• **Exercise description**:
Copy nothing but the lines below running from the line containing "- Save as Default: Configure" through the line containing "Zusammenhang zwischen Reaktionsgeschwindigkeit", both end lines included.

• **Dataset excerpts**:
_ _ _ _
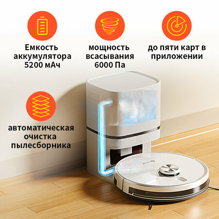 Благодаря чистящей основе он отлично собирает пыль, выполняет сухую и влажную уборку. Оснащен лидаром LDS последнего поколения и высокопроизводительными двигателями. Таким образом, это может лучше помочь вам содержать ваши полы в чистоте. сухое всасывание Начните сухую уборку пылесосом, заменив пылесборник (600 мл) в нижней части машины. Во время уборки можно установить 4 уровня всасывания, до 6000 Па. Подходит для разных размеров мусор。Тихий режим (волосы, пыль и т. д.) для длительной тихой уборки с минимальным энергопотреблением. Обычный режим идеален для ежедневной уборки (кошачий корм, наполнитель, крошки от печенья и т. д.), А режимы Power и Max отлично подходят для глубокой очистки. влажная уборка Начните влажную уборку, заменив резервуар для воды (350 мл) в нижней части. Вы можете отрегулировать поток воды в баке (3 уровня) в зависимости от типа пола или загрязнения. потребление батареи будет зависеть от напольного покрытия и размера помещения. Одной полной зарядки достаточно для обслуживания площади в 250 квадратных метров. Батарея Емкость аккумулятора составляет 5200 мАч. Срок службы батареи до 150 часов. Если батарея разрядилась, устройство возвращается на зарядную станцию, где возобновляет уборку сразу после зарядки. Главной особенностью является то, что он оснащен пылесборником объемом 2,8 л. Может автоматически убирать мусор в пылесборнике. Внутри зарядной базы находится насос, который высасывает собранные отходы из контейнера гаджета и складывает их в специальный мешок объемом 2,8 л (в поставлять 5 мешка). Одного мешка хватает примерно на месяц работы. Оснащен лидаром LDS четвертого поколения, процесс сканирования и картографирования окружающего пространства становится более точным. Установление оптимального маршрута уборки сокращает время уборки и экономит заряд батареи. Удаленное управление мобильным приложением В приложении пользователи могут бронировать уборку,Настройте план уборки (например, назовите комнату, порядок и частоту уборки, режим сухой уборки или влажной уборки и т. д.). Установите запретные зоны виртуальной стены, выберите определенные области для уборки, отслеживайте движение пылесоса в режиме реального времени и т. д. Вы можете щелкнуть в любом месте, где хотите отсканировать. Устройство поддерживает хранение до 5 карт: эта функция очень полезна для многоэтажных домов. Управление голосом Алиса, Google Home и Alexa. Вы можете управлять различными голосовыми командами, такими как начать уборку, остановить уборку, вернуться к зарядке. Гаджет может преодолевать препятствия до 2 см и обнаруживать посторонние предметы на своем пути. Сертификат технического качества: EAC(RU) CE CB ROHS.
_ _ _ _
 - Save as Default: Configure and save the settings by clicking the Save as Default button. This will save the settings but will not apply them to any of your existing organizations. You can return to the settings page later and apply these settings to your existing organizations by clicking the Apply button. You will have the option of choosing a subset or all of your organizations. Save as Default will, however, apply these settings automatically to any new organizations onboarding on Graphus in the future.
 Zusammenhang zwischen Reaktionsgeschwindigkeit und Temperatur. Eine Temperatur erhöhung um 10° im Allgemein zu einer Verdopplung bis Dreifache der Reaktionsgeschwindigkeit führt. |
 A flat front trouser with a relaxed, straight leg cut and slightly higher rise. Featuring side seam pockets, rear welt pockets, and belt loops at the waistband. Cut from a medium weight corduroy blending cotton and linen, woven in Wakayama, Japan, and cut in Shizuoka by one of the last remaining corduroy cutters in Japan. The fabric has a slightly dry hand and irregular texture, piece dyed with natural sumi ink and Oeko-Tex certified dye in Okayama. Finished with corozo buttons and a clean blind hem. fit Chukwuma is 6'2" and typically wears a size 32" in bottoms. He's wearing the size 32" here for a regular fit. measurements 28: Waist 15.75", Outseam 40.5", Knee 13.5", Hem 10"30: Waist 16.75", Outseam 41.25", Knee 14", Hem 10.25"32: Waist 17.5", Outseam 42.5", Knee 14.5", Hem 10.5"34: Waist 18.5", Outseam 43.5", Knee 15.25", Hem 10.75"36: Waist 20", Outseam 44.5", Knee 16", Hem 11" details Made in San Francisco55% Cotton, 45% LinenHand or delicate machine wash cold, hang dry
_ _ _ _
• **Task solution**:
 - Save as Default: Configure and save the settings by clicking the Save as Default button. This will save the settings but will not apply them to any of your existing organizations. You can return to the settings page later and apply these settings to your existing organizations by clicking the Apply button. You will have the option of choosing a subset or all of your organizations. Save as Default will, however, apply these settings automatically to any new organizations onboarding on Graphus in the future.
 Zusammenhang zwischen Reaktionsgeschwindigkeit und Temperatur. Eine Temperatur erhöhung um 10° im Allgemein zu einer Verdopplung bis Dreifache der Reaktionsgeschwindigkeit führt. |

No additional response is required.